Supply chain management is every activity associated with the transformation and flow of
goods, from the raw materials to the final user. It shows the relationship between organisations
from the beginning until the final consumer.

Purchasing zooms in on the focal firm's needs to buy from its suppliers.
Purchasing management is the management of a firm’s external resources ensuring the supply
of goods, services, knowledge and capabilities to perform the firm’s primary and support
activities.

Trends of purchasing today:
- From administrative to strategic function: this is because of the demand for
sustainability and more outsourcing. Now it is quality over the cheapest.

Supply chain management is the management of upstream and downstream relations with
suppliers and customers to deliver superior customer value at lower costs to the supply chain
as a whole. Supply chain management and purchasing both focus on relationships, activities,
and performance management. But they have different focus, scope and performance aims.

Video 2
At the foundation of purchasing and supply chain management is a company's decision to
transfer activities such as manufacturing of HR. Companies might do this to be different from
other companies so they outsource the work to suppliers.

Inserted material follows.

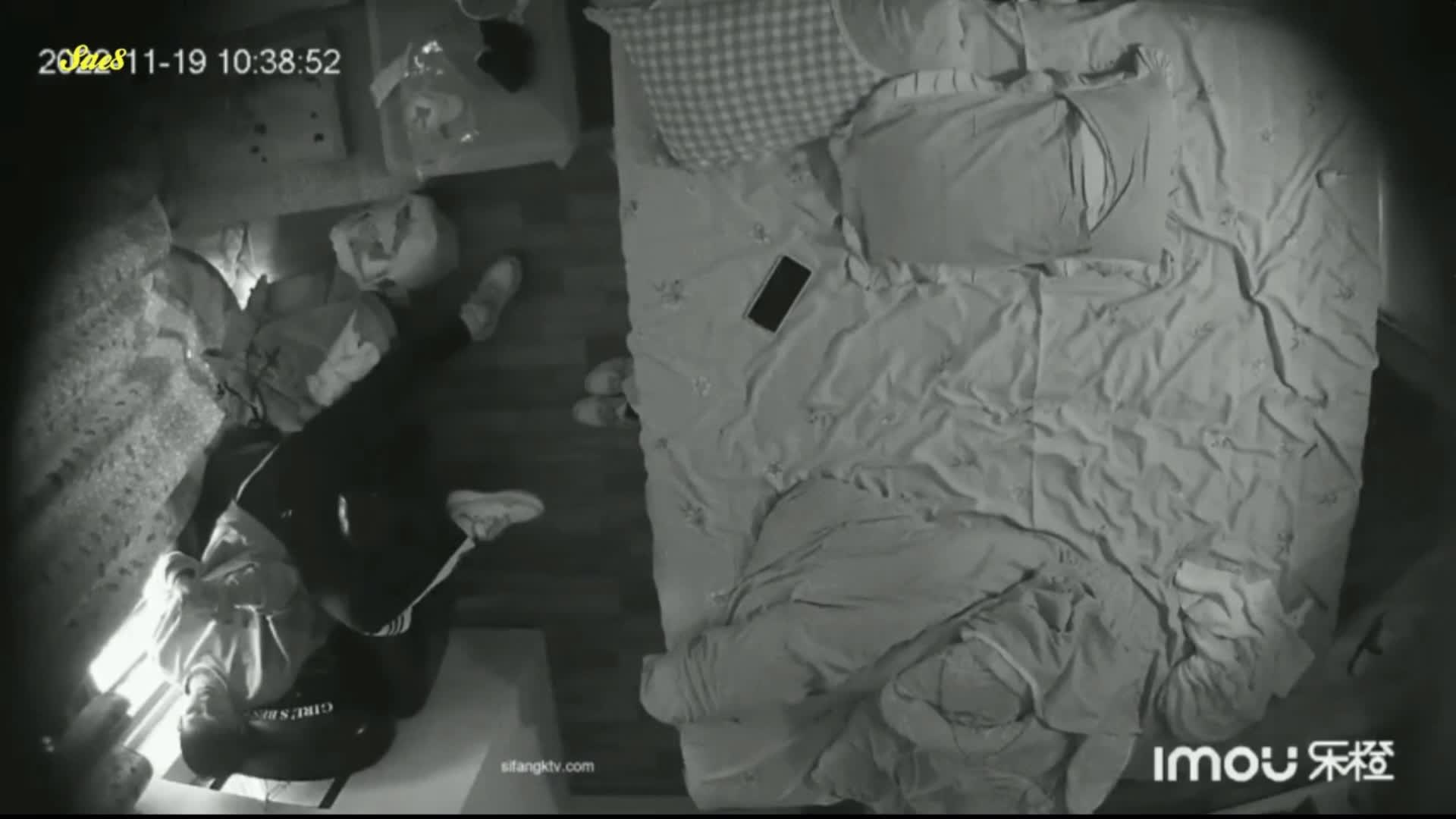 监控拍下胖哥背着媳妇和同事开房上帝视角。
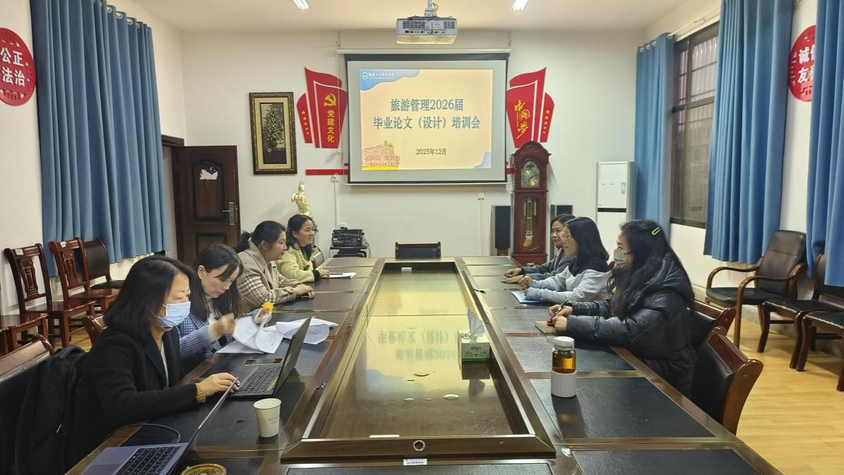 为进一步提升旅游管理专业毕业论文(设计)质量,强化学生理论与实践结合能力,培养符合行业需求的应用型人才,12月2日,旅游管理专业召开2026届毕业论文质量提升专题研讨会,围绕当前毕业论文存在的核心问题展开深入研讨,明确了质量提升的具体路径与实施计划。

Outsourcing is delegating functions or tasks, traditionally internal to an organisation, to
specialized external suppliers. This can apply to manufacturers or services and can involve
domestic or international markets. Decisions about outsourcing are also called make-or-buy
decisions. Outsourcing decisions need to be made at a strategic level.
Why outsource:
- Decrease production costs;
- Access to good quality suppliers;
- Gain access to different markets;
- Gain access to scarce resources;
- Etc.

, To guide make-or-buy decisions two theories can be used:
1. Transaction cost economics (TCE)
The transaction cost economics make make-or-buy decisions based on transaction
costs. With the goal to minimize them.
Two criteria are paramount:
o Asset specificity: referring to the degree to which assets required for a particular
transaction are unique to the task and can’t be repurposed to another transaction.
o Potential for opportunistic behaviour and related costs for reducing uncertainty.
Transaction cost economics supposes that transactions with high-end certainty and
those demanding significant transaction-specific investments should remain in-house.
Because companies can’t defend themselves from opportunistic behaviours in such
scenarios.
2. Resource-based view (RBV)
The resource-based view focuses on the firm’s resources and capabilities determining
if it serves as a competitive advantage. This is achieved if the resources and
capabilities fulfil the following criteria:
o Valuable, a resource adds value by enabling a firm to exploit opportunities or defend
against threats.
o Rare, resources that can only be acquired by one or very few companies.
o Inimitable, it is a resource that is hard to duplicate.
o Not substitutable, is a resource that can’t be replaced by any other resource.
Other competencies are:
o Delivering customer value;
o Differentiate firm from competitors;
o Can potentially be extended and developed.
The closer to the core, the more important to keep in-house.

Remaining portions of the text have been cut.